英単語はそこそこ知っている。文法もそれなりに分かる。にもかかわらず、英語が聞こえない、通じない、会話が続かない日本人が多いのはなぜでしょうか? 国際ヘッドハンティング会社のアジア支社長を務め、現在、シンガポール国立大学で世界の留学生たちに英語コミュニケーション術を教える著者は、その理由を「日本人の英語の勉強法が間違っているから」だと言います。香港生まれで、東京外国語大学の日本語学科を首席で卒業した著者は、「日本語の言語学的特性」を熟知した上で、日本人が最速で英語を身に付ける方法を考案し、これまでに多くの日本人をペラペラにしてきました。そのメソッドを初公開し発売即重版となった話題の書が「7時間で英語が突然ハッキリ聞こえて会話が続く本」です。本書の中から、カタカナ英語と中学英語だけで、驚くほど会話がはずむようになるコツをお伝えしていきます。
一言一句漏らさずに聞くなんて、誰もやっていない
英語でペラペラと話しかけられて「何を言っているのかさっぱり分からない!」と頭を抱える人は多いのですが、相手が話す長い文章をまるごとすべて聞き取る必要はありません。それは日本人同士の日本語の会話でも同じです。恋愛中の会話は別として、日常会話では、適当に聞き流しながら要点だけをつかんで対応しているのではありませんか?
先日、日経新聞のコラムで東京大学の総長経験もある方が、英語でのフリーディスカッションの「サバイバル術」として相手の言っていることの「3割、分かればいい」と書いておられました。まさに、その通りだと思います。実際、ビジネスの現場では私でも、たとえばなまりの強いインド人の英語はなかなか聞き取れないことが多いです。それでも「何が言いたいのかな」「大事なのはここだな」と何とか会話をつないで意思の疎通に成功しています。

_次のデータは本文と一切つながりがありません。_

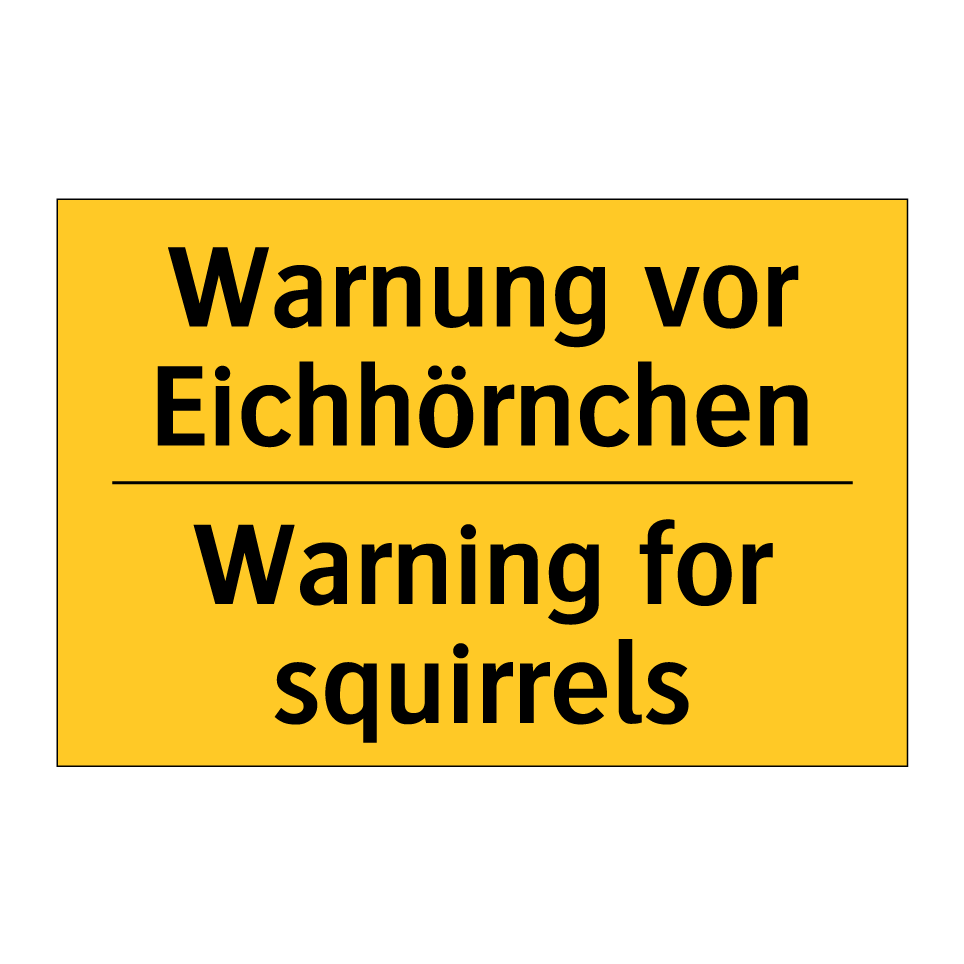 Zweisprachiges Warnschild mit deutschem Text Warnung vor Eichhörnchen und englischem Text Warning for squirrels

現在の英語人口は約15億人。そのうちの4分の3は英語を母国語としないノンネイティブ・スピーカーです。お互いに少しずつ違う英語を違う発音で話していますから、この要点をつかみ話を類推するスキルが非常に重要なのです。
日本人は英語に対するコンプレックスがあるので、相手から英語で話しかけられて、それが聞き取れないと「自分の英語力が足りないせいだ」と落ち込んだり焦ったりして、そのせいでますます聞き取れなくなるという悪循環に陥ってしまいがちですね。まずは「全部聞き取らねばならない」という“呪い”から抜け出しましょう。
とはいえ、じゃあ、どうやって相手の言っていることのポイントをつかめばいいのか? 大切なのは、自然と耳に入ってくる、つまり自分が聞き取れる言葉に注目するということです。
「点」から「線」へ想像を働かせる
ラジオから流れてくる、初めて聞く曲。1回だけですべての歌詞を記憶することはできませんよね。でも、ラブソングなのか応援歌なのか、何となくその歌のテーマらしきものはつかめるはずです。それは、耳に残るフレーズから想像を働かせているからです。
意味のよく分からない言語での会話の際も同じように考えましょう。全体を理解できなくても、いくつか印象に残る音やフレーズがあるはずです。その強調されたいくつかの「点」を想像力でつないで「線」にしていきます。
本書では、「点」から「線」につなげていくコツなどもご紹介しています。
英語のヒアリング力を高めるためには、たくさんの英語を聞いて慣れるのがいちばんだと、これまでに多くの本などで語られてきました。それは、やっぱりその通りなのですが(語学の習得には反復練習が大事!)ここで伝授したコツを使うと、ただ聞くだけのときにくらべて何倍もの効果が出ること、間違いなしです。